→ Task directions
Please print, exactly as written, the line containing "從供給端來(lái)看,今年" and each line after it through the end of the material; pictures stay out.
=== Information supplied ===
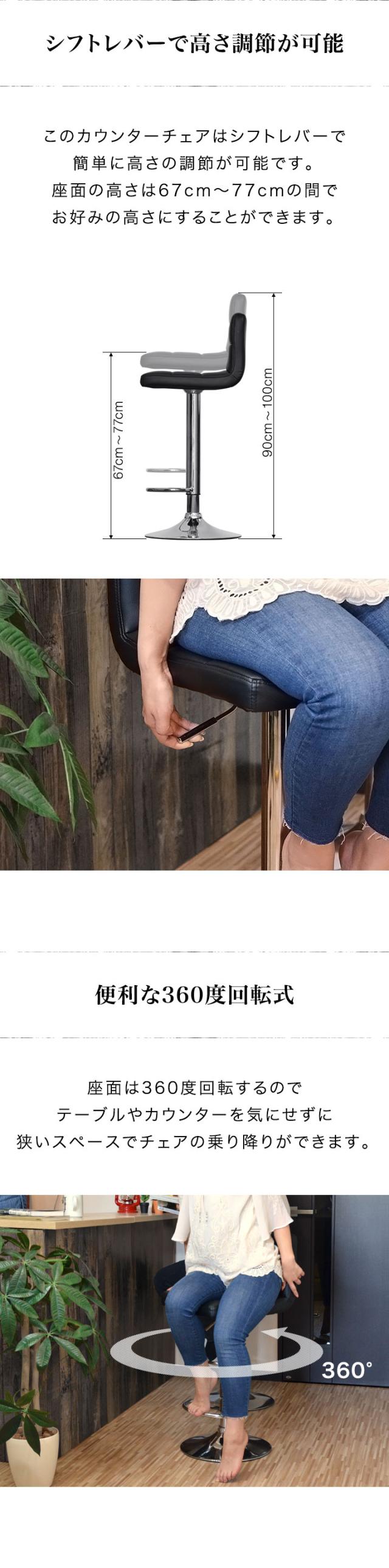 カウンターチェア 2脚セット 昇降 椅子 昇降式 いす 背もたれ付き 高さ調整 カウンターチェアー バーチェア キッチンチェア カウンターキッチン ダイニングチェア ハイチェア イス チェア モダン カフェ 喫茶店 ガス圧 70cm 1年保証 [送料無料]
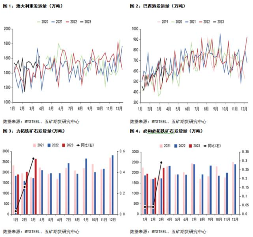 從供給端來(lái)看,今年一季度澳巴發(fā)運(yùn)量較去年有所增加,一季度澳大利亞同比增加18%,巴西同比增加14%。其中,3月份澳大利亞(發(fā)往中國(guó))總發(fā)運(yùn)量7648.9萬(wàn)噸,同比增加38.6%;巴西總發(fā)運(yùn)量3194.5萬(wàn)噸,同比增加38.4%。
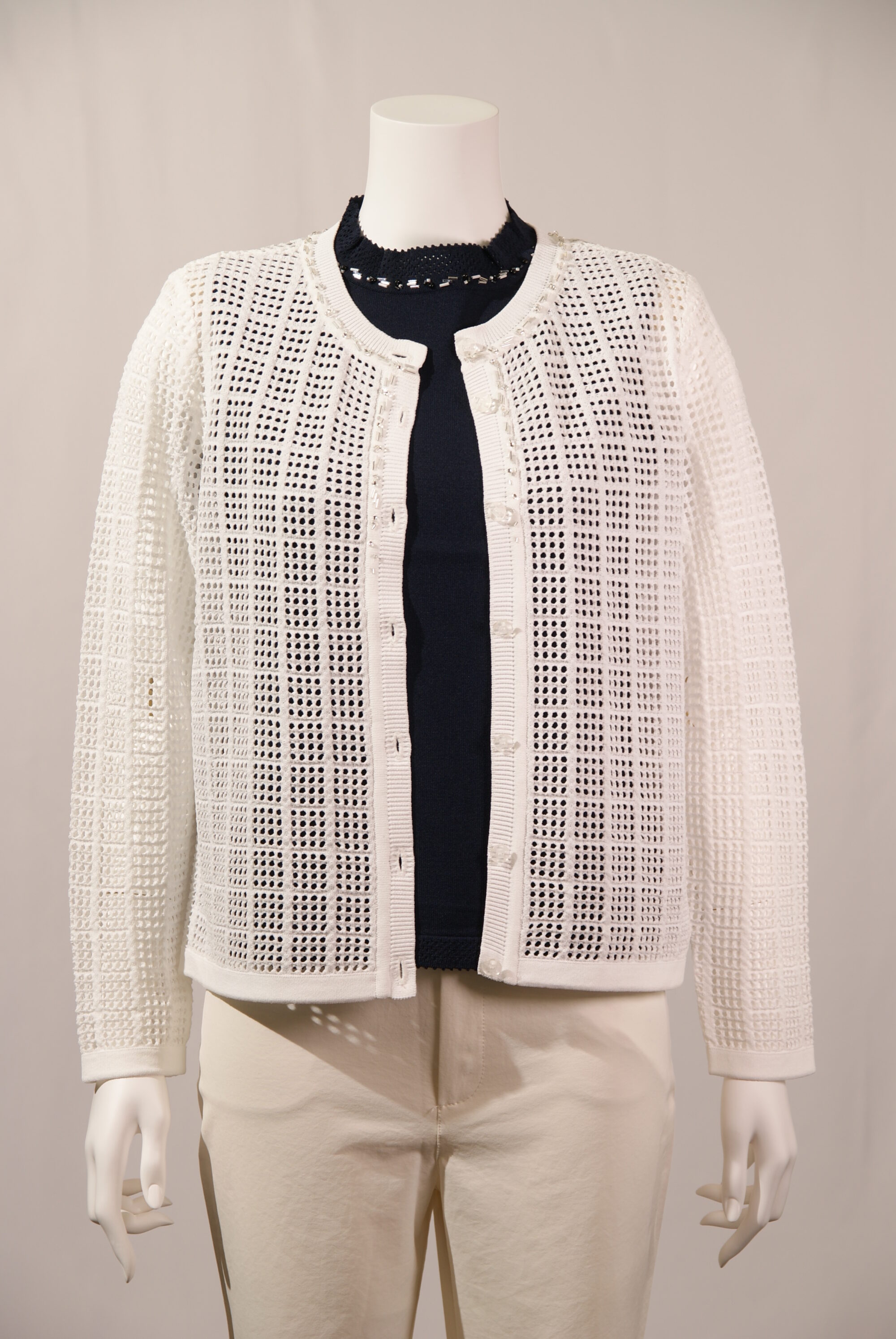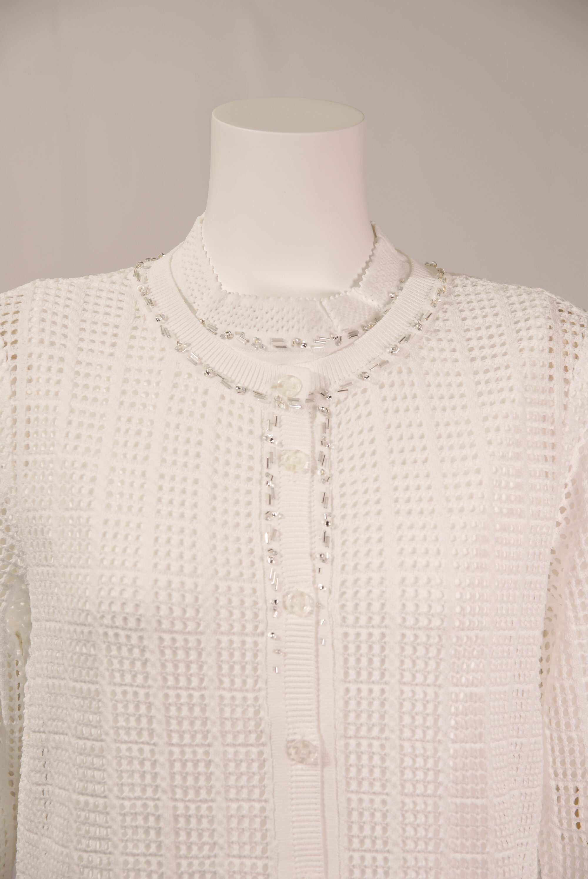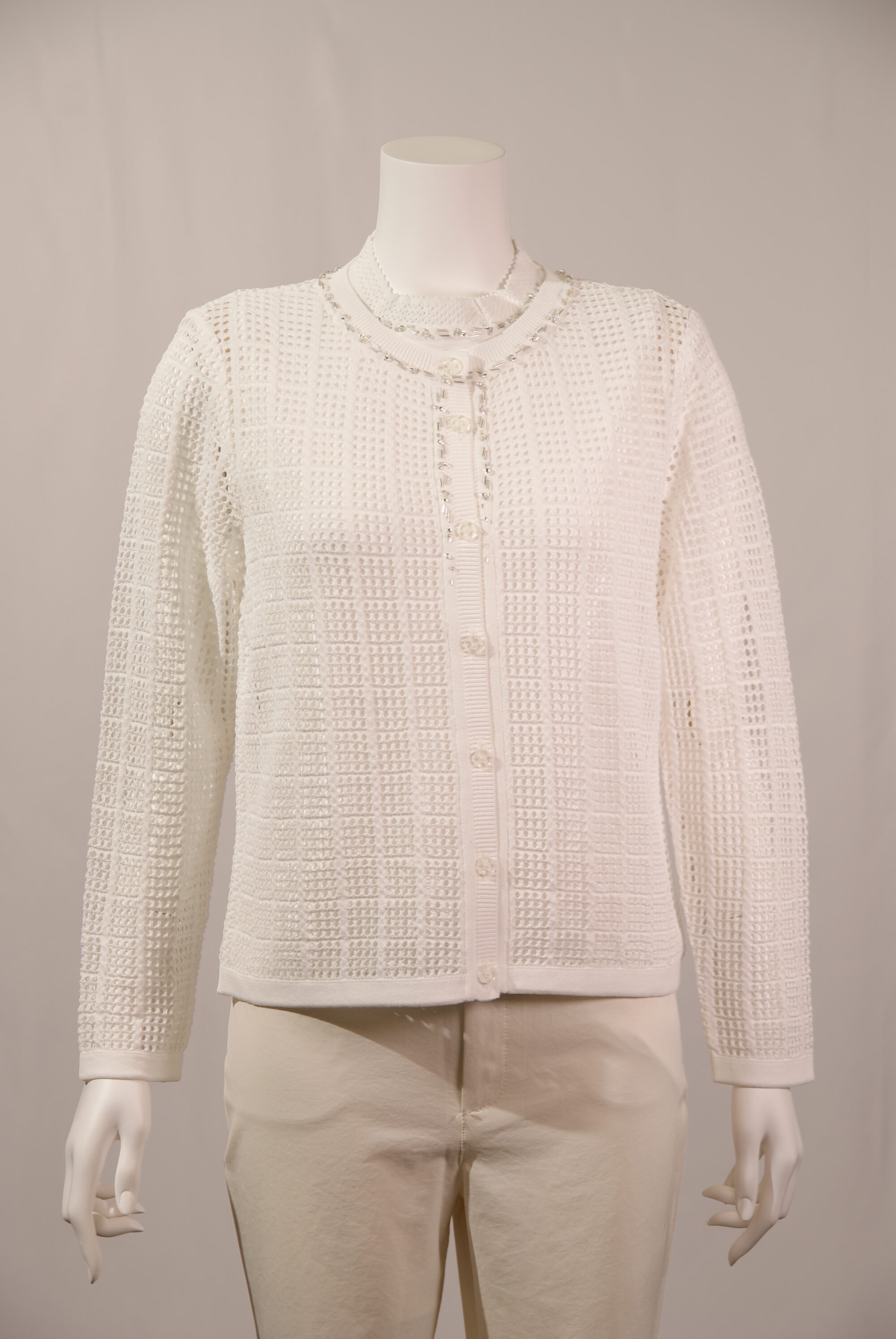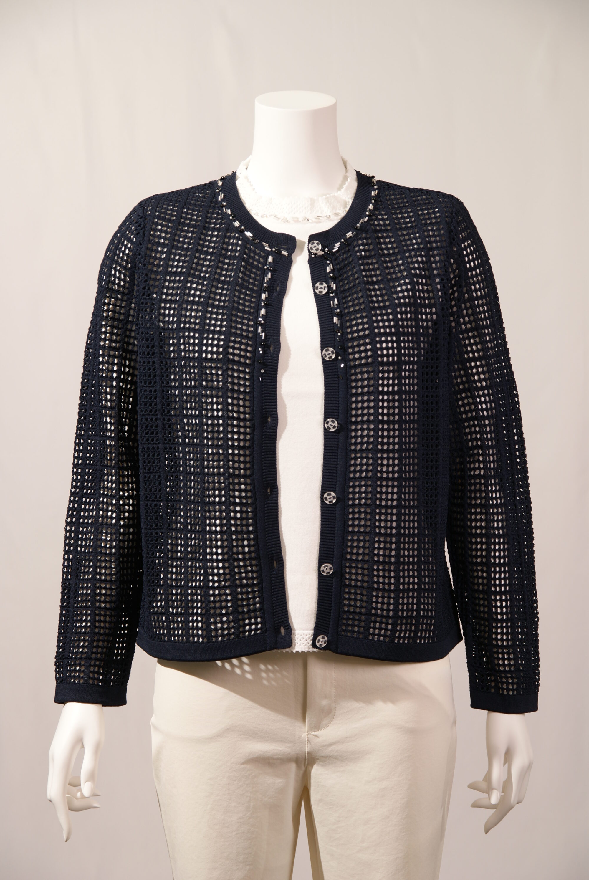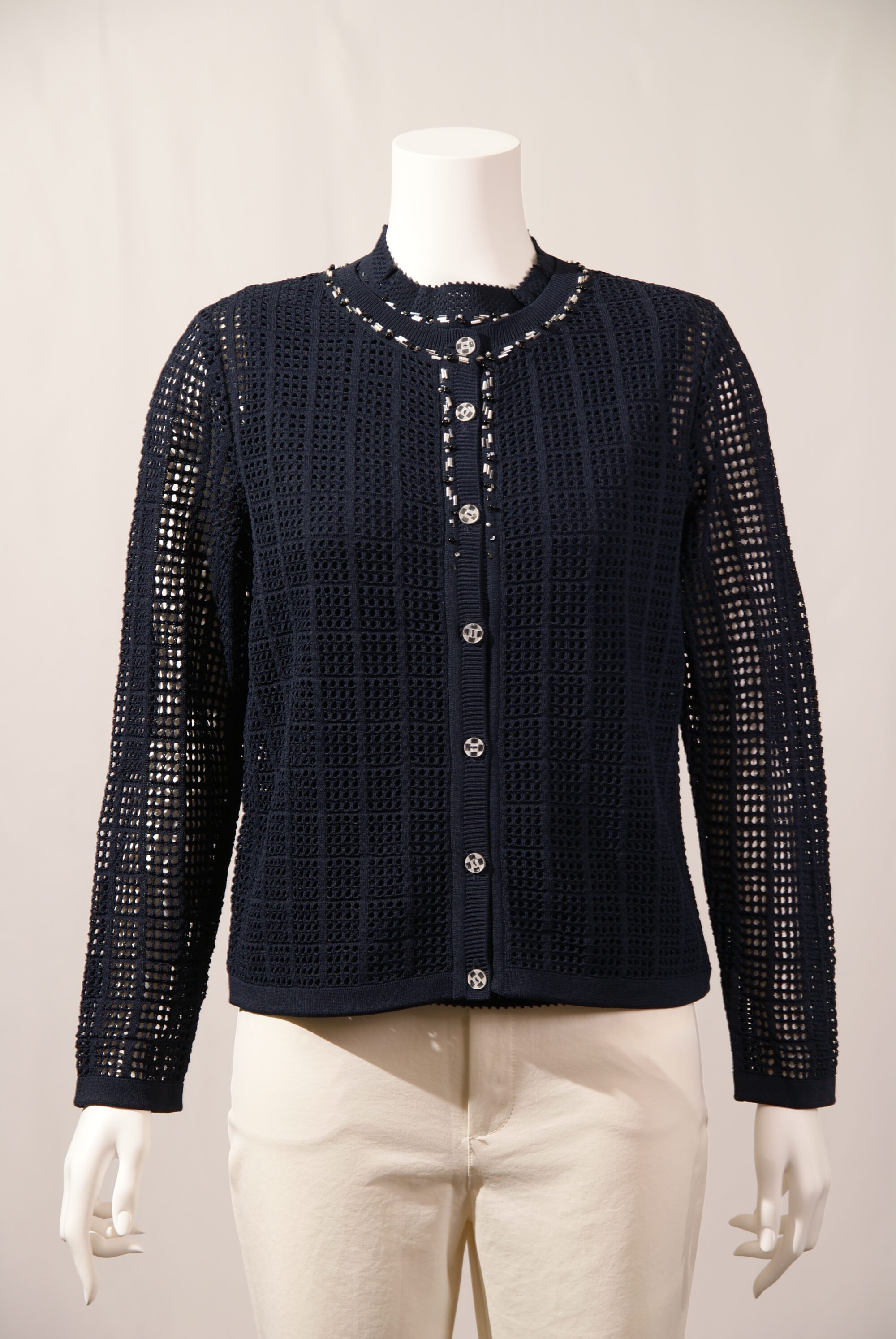 アセテートナイロン メッシュ 丸首ニットカーディガン ビーズ刺繍 (#220233とアンサンブル可能)
===
→ Response area
 從供給端來(lái)看,今年一季度澳巴發(fā)運(yùn)量較去年有所增加,一季度澳大利亞同比增加18%,巴西同比增加14%。其中,3月份澳大利亞(發(fā)往中國(guó))總發(fā)運(yùn)量7648.9萬(wàn)噸,同比增加38.6%;巴西總發(fā)運(yùn)量3194.5萬(wàn)噸,同比增加38.4%。
 アセテートナイロン メッシュ 丸首ニットカーディガン ビーズ刺繍 (#220233とアンサンブル可能)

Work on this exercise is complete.